A prospective investor deciding whether to allocate his or her capital into an ETF over a mutual fund may depend on the specific individual’s investment goals–each fund will allow an investor to reap its benefits of each as long as it’s aligned with the right goals. As such, here are three reasons an investor may want to choose an ETF versus a mutual fund.

1. Adaptability in Short-Term Trading

ETFs can be bought and sold like stocks at an exchange–their price is also determined by the supply and demand for that particular ETF. Because ETFs trade like stocks, it makes them suitable investments for short-term traders looking to profit from holding assets for a limited amount of time, whether it’s a few months, a couple of weeks, a day or 30 minutes.

Depending on the liquidity of the ETF–it’s ability to be converted to cash quickly–traders can enter and exit ETF positions quickly. Mutual funds simply can’t be traded at the requisite speed of ETFs that some short-term traders desire.

“Traditional open-end mutual fund shares are traded only once per day after the markets close,” noted Fidelity Investments. “All trading is done with the mutual fund company that issues the shares. Investors must wait until the end of the day when the fund net asset value (NAV) is announced before knowing what price they paid for new shares when buying that day and the price they will receive for shares they sold that day. Once-per-day trading is fine for most long-term investors, but some people require greater flexibility.”

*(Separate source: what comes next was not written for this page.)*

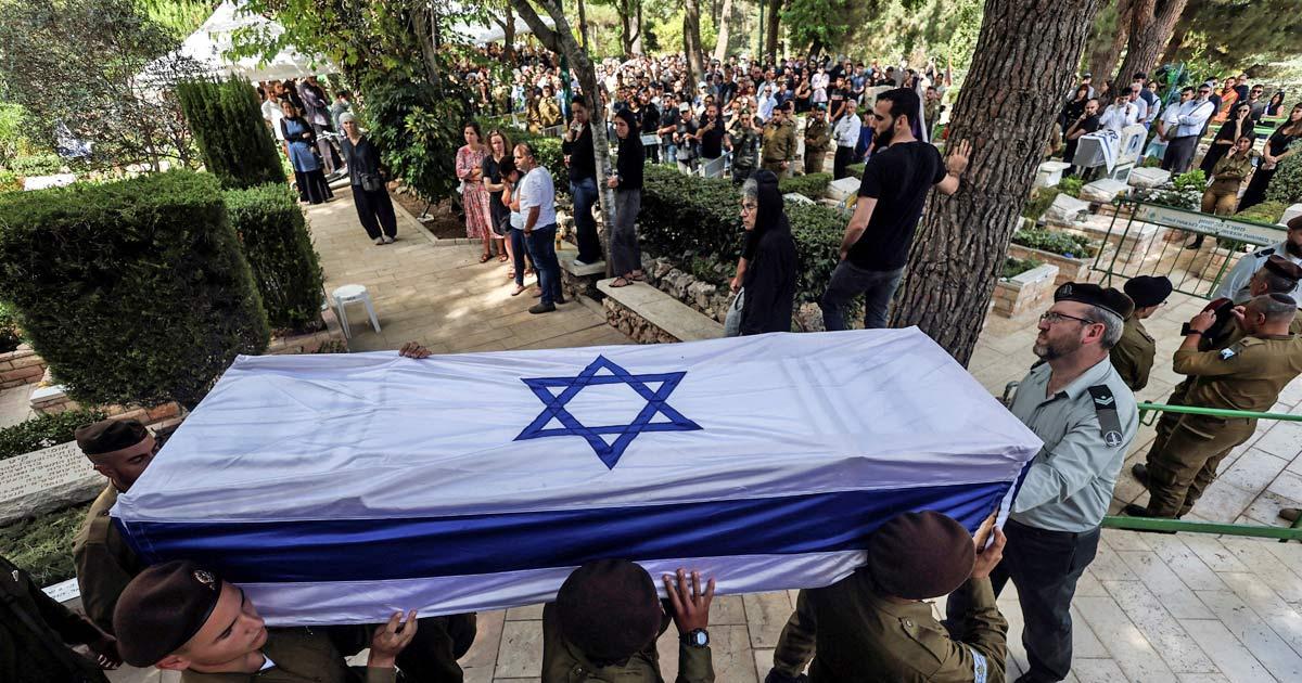 IMAGE: Soldiers carry the coffin of Adi Zur, a soldier who was slain in the assault on Israel by Hamas gunmen, at the funeral at the Mount Herzl military cemetery in Jerusalem. Photograph: Ronen Zvulun/Reuters

Furthermore, investment firms have a wide variety of ETFs an investors can choose from if he or she wants to corner a specific area of the capital markets, such as stocks, bonds or commodities. There are even thematic ETFs that invest in environmental, social and governance (ESG) issues.

2. Daily Transparency

Just like it’s important for a stock investor to know a company’s fundamentals, such as its revenue, earnings and expenses, an ETF investors wants to know what holdings that particular fund comprises. It’s akin to a sports fan wanting to know which players are on the roster of their favorite team.

Key regulations that govern mutual funds–the Investment Act of 1940, the Securities Act of 1933 and the Securities Act of 1934–require mutual funds to disclose their holdings on a quarterly or monthly basis. In between those reporting periods, the roster of companies the mutual funds invests in could have changed dramatically given the current market conditions and goals of the fund.